Я выполняю следующие операции:
DataSet<Row> df1 = spark.read().format(AVRO_MODE).load(path1);
DataSet<Row> distinctDf1 = df1.distinct()
DataSet<Row> df2 = spark.read().format("com.databricks.spark.avro").load(path2);
DataSet<Row> joinOutput = distinctDf1.join(df2,getColumnStrings(columnList), "leftanti");
joinOutput.repartition(numPartitions, Column.col1).write().format("com.databricks.spark.avro").save(outputPath);
Когда я запускаю вышеупомянутое, я получаю следующую ошибку
18/10/26 02:35:19 [Driver]: ERROR yarn.ApplicationMaster: User class threw exception: java.lang.StackOverflowError
java.lang.StackOverflowError
at org.apache.spark.sql.catalyst.trees.CurrentOrigin$.get(TreeNode.scala:58)
at org.apache.spark.sql.catalyst.trees.TreeNode.<init>(TreeNode.scala:80)
at org.apache.spark.sql.catalyst.expressions.Expression.<init>(Expression.scala:55)
at org.apache.spark.sql.catalyst.expressions.LeafExpression.<init>(Expression.scala:335)
at org.apache.spark.sql.catalyst.expressions.BoundReference.<init>(BoundAttribute.scala:32)
at org.apache.spark.sql.execution.CodegenSupport$$anonfun$4.apply(WholeStageCodegenExec.scala:153)
at org.apache.spark.sql.execution.CodegenSupport$$anonfun$4.apply(WholeStageCodegenExec.scala:152)
at scala.collection.immutable.Stream$$anonfun$map$1.apply(Stream.scala:418)

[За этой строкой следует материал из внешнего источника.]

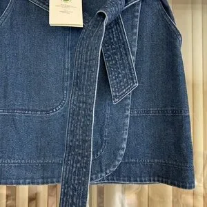 Timeless blue denim skirt by Sezane. Perfect for casual outings. Wrap style with interior button/exterior tie closure. The waist measures approximately 14” across, while the length measures 18” from the top of the shoulder to the bottom hem.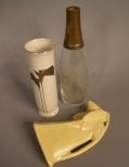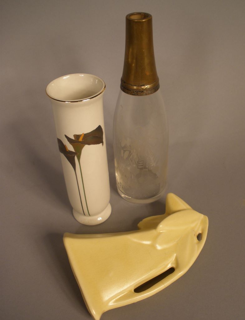 Three Assorted Items: Otagirai Vase, Japan; 1900 Hand Blown Bottle; 1940s McCoy Pottery Yellow Pastel Matte "Lily Bud" Wall Pocket, NM mark. Three Assorted Items: Otagirai Vase, Japan; 1900 Hand Blown Bottle; 1940s McCoy Pottery Yellow Pastel Matte "Lily Bud" Wall Pocket, NM mark.

at scala.collection.immutable.Stream$$anonfun$map$1.apply(Stream.scala:418)
at scala.collection.immutable.Stream$Cons.tail(Stream.scala:1233)
at scala.collection.immutable.Stream$Cons.tail(Stream.scala:1223)
at scala.collection.immutable.Stream.drop(Stream.scala:858)
at scala.collection.immutable.Stream.drop(Stream.scala:202)
at scala.collection.LinearSeqOptimized$class.apply(LinearSeqOptimized.scala:64)
Будем благодарны за любые предложения о том, почему произошла вышеуказанная ошибка.